DIGGING INTO THE EARTH’S SURFACE: Pondering Geography III by Elizabeth Bishop

To describe the planet aptly is one thing, but to understand one’s place on the planet is another one altogether. The poems of Elizabeth’s Bishop’s Geography III go beyond mere description of the earth’s surface and delve into how geography defines not only where we are on the planet but also who we are.

To describe the planet aptly is one thing, but to understand one’s place on the planet is another one altogether. The poems of Elizabeth’s Bishop’s Geography III go beyond mere description of the earth’s surface and delve into how geography defines not only where we are on the planet but also who we are.

Many of the poems in Geography III contain geography as outlined in the epigraph (which was excerpted from a children’s primer)—lush descriptions of the natural world: its waters, its lands, its mountains, and its inhabitants—and yet many of the poems present an impressionistic view of the planet, a paradigm refracted through a lens specific to the speaker.

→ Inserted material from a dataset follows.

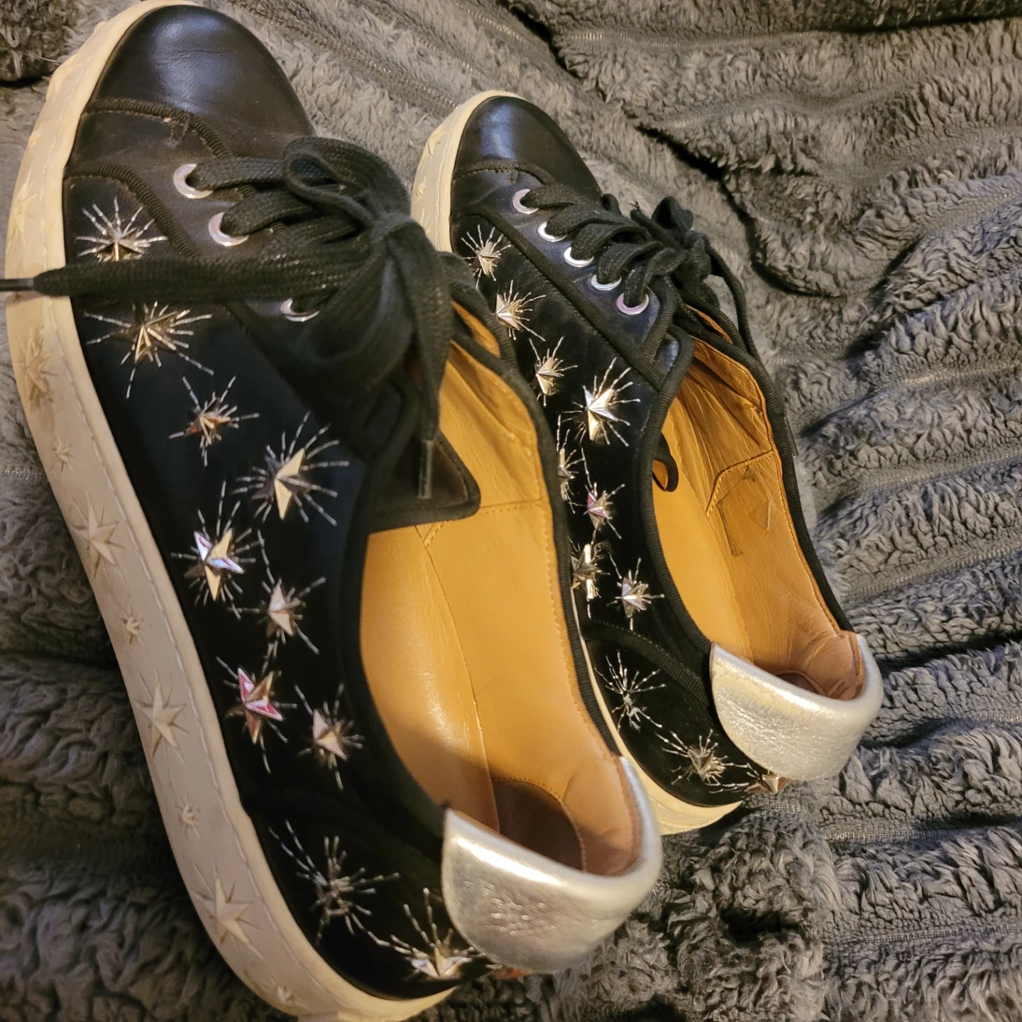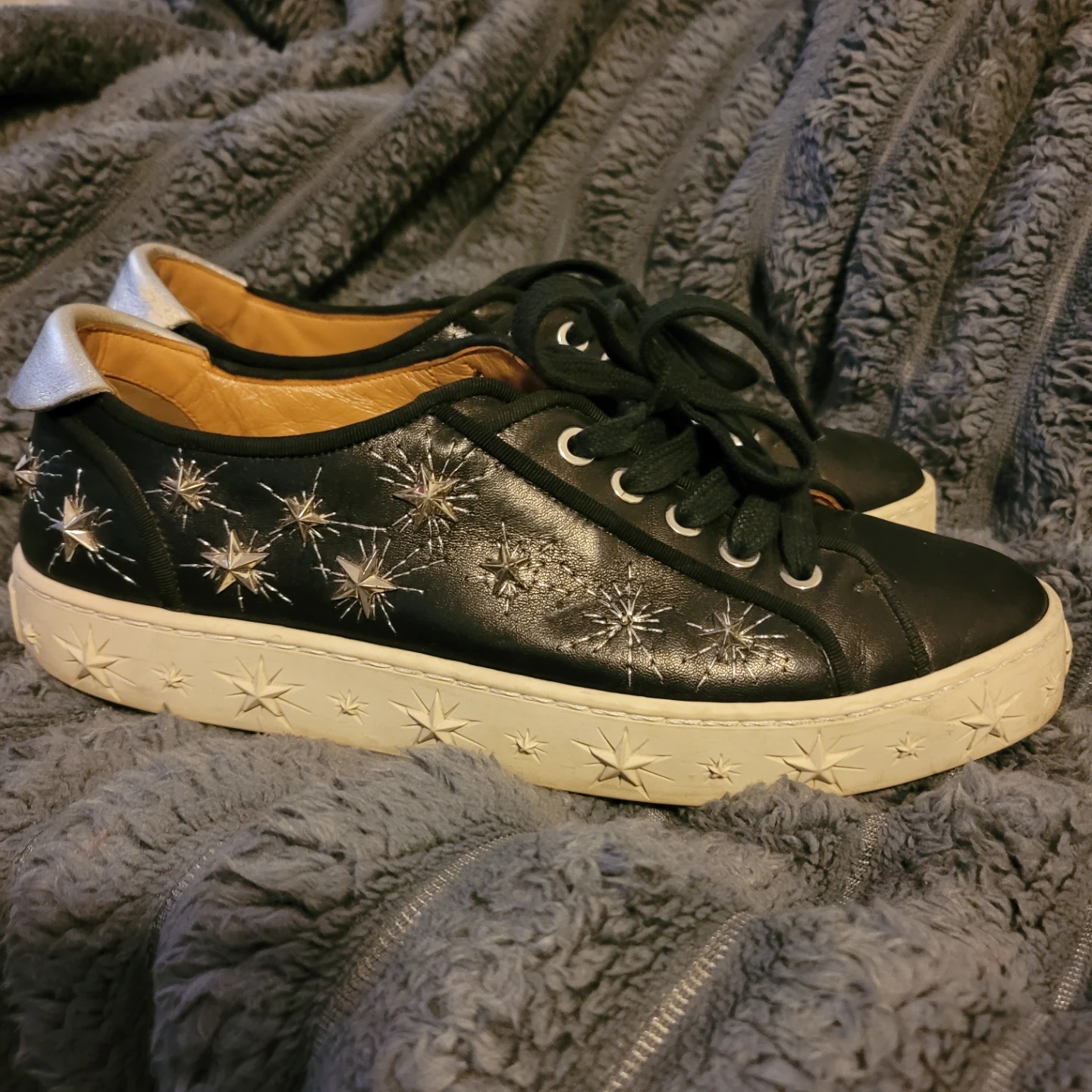 Aquazzura black leather sneakers with star stud embellishments. Features a lace-up front and silver heel accents. Made in Italy. Size eu 37/ us7 (fits 8 but narrow)

The phenomenon of contextualizing oneself into the world points to why Elizabeth Bishop may have chosen to title the collection Geography III as opposed to Geography I or Geography II; the geographies presented in the poems are more than just descriptions of the planet’s surface.

“Waiting Room,” the collection’s first poem, exemplifies this notion quite well. The speaker (presumably an older Bishop recalling a similar experience from her childhood) discovers strange and new lands via the hyperrealism found in the photographs of a National Geographic magazine. This exposure to distant, exotic, and “horrifying” cultures existing concurrently (a fact that the speaker confirms by checking the magazine’s publication date) overwhelms the speaker to the point that the dentist’s waiting room recedes beneath “a big black wave/another, and another.” The speaker’s impressionistic depiction of her epiphany contrasts sharply against the realistic photos and text that triggers the speaker’s epiphany.

The young Elizabeth absorbed a second and third lesson in geography that February evening; she has learned that life exists beyond the waiting room, beyond her family, beyond the night in outside Worcester.

I normally prefer shorter, denser poetry, so I relished the opportunity to read some verse that moves as languidly as the row of clapboard buildings appearing in “the Moose.” Because of the quotidian nature of the Bishop’s diction and syntax, however, I found that her poems read more like prose than poetry in many places. Granted, the complex imagery of some of the poems belied the simple language, but I enjoy metaphor and allusion as well, and many of the poems lacked any powerful or impactful comparisons. Finally, I must commend Bishop’s ability to work well within complex and intricate forms such as sestinas and villanelles. Often, I have to repeat to myself her authorial aside from “One Art” to “Write it!” while trying to write poetry in such difficult forms.

Should I come across another Elizabeth Bishop poem, I would most certainly read it and recommend that you do the same.